The constantly evolving technological landscape means that previous impractical solutions could become viable over time, while iron-clad "best practices" tend to lose their relevance. To help SMBs better examine how new developments and products are changing the shape of IT implementations, Paul Mah has drawn up a list of topics that he feels best address the various facades of tech, ranging from deploying Wi-Fi to ensuring business continuity. This slideshow highlights the pertinent projects that SMBs should consider for adoption.
Click through for eight projects SMBs should reconsider executing given the changing shape of IT implementation.
No one would argue against the importance of performing data backups; though, like housework, it is a task that few look forward to. Advancements in technology have opened the door to alternative backup options such as cloud-based backups, business-grade NAS that can scale beyond 10TB, as well as the ability to back up to disk-based media. With this in mind, it might be a good idea to re-examine your SMB's backup strategy and bring it in line with the capabilities offered by the new backup options.
The rapidity with which new software flaws are being exploited and distributed necessitates a clear strategy with regards to security updates and vulnerability patching. Alternative security solutions that can complement current definition-based anti-virus software should also be considered, while data encryption should be practiced where feasible.
Cloud computing has evolved rapidly, and today it is possible to leverage the cloud for handling a large range of disparate jobs, including tasks such as e-mail hosting, remote data backups or even the sending of e-mail via Amazon's recently unveiled AWS Elastic Beanstalk.
Recent developments around the globe – such as the week-long disconnecting of the Internet in Egypt – have thrown a wrench into conventional notions of business continuity. As such, it is probably high time to re-examine existing business continuity plans and where possible, incorporate the use of virtualization in order to maintain business continuity.
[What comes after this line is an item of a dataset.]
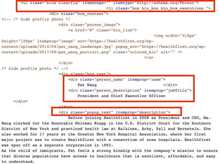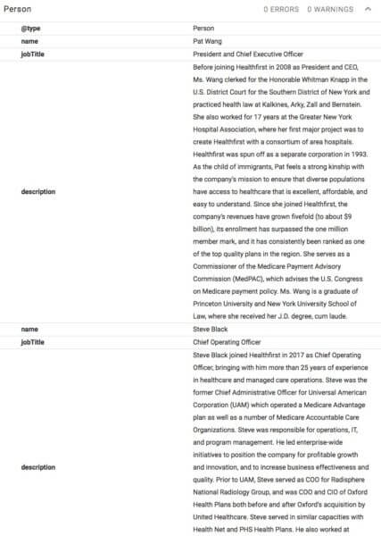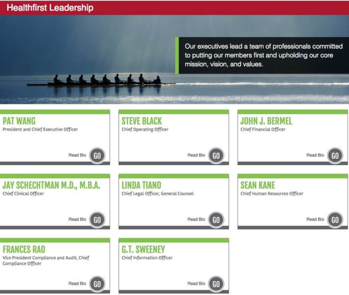 Example: Healthfirst utilizes schema Person markup on its Leadership page.

The availability of powerful, terabyte-range storage appliances such as NAS (Network Attached Storage) helps to dramatically reduce the amount of time it takes to perform a proper backup and restore. Among other possibilities, it might be prudent to consider the use of a Virtual Tape Library (VTL) appliance to replace old tape-based devices so as to reduce the length of the backup window.
With 802.11n Wi-Fi offering an effective point-to-point data rate surpassing that of Fast Ethernet, it is probably as good a time as any to implement a wireless network in your company. Setting up Wi-Fi is not as straightforward as a wired environment, however, and depends on factors such as the brand and technology behind an access point, as well as the layout of the office.
The sheer number of smartphones being shipped demands that SMBs consider their possible use in a business environment. The same considerations go for tablet devices, which are powering an incredible surge of development activities as new devices flood the market.
With the Internet forming such an important linchpin in business transactions and cloud computing, it is surprising that few SMBs give more than a passing thought to the possibility of their Internet access failing on them. There are a number of load balancing options for reliable Internet access, as well as the use of network tools to detect and protect against compromised local hosts.